# Dataset items

>>>

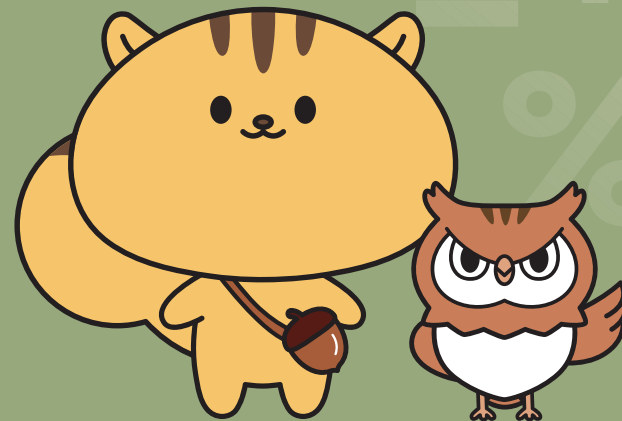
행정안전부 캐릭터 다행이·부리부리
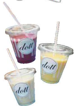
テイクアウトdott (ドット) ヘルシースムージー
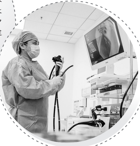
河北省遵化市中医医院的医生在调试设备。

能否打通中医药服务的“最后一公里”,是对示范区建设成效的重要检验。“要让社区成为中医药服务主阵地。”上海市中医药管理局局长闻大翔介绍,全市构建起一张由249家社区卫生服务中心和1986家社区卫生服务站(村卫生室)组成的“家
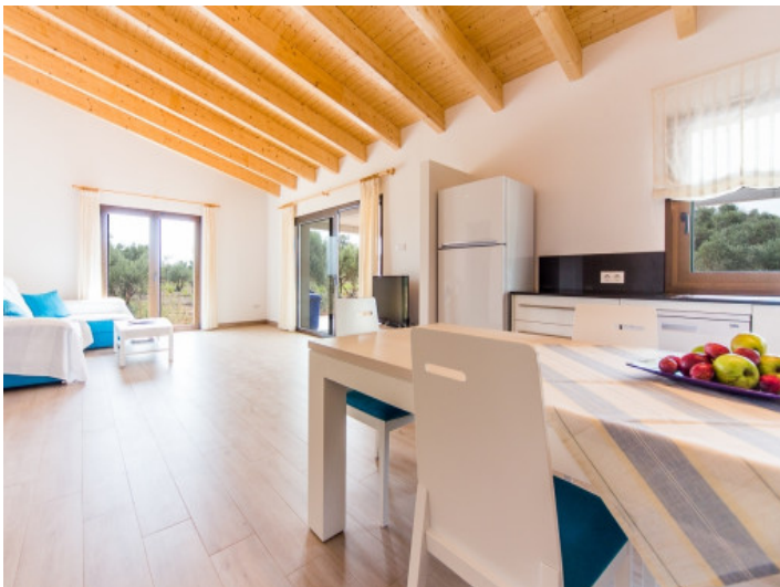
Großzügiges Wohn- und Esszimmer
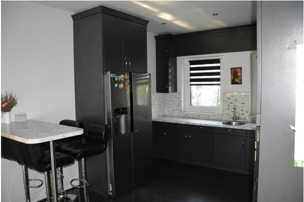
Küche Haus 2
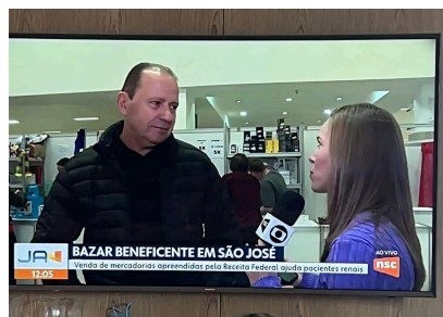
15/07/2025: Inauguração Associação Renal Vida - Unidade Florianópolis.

<<<

# About this task
Repeat the entries verbatim; no pictures.

# Written response
행정안전부 캐릭터 다행이·부리부리
テイクアウトdott (ドット) ヘルシースムージー
河北省遵化市中医医院的医生在调试设备。

能否打通中医药服务的“最后一公里”,是对示范区建设成效的重要检验。“要让社区成为中医药服务主阵地。”上海市中医药管理局局长闻大翔介绍,全市构建起一张由249家社区卫生服务中心和1986家社区卫生服务站(村卫生室)组成的“家
Großzügiges Wohn- und Esszimmer
Küche Haus 2
15/07/2025: Inauguração Associação Renal Vida - Unidade Florianópolis.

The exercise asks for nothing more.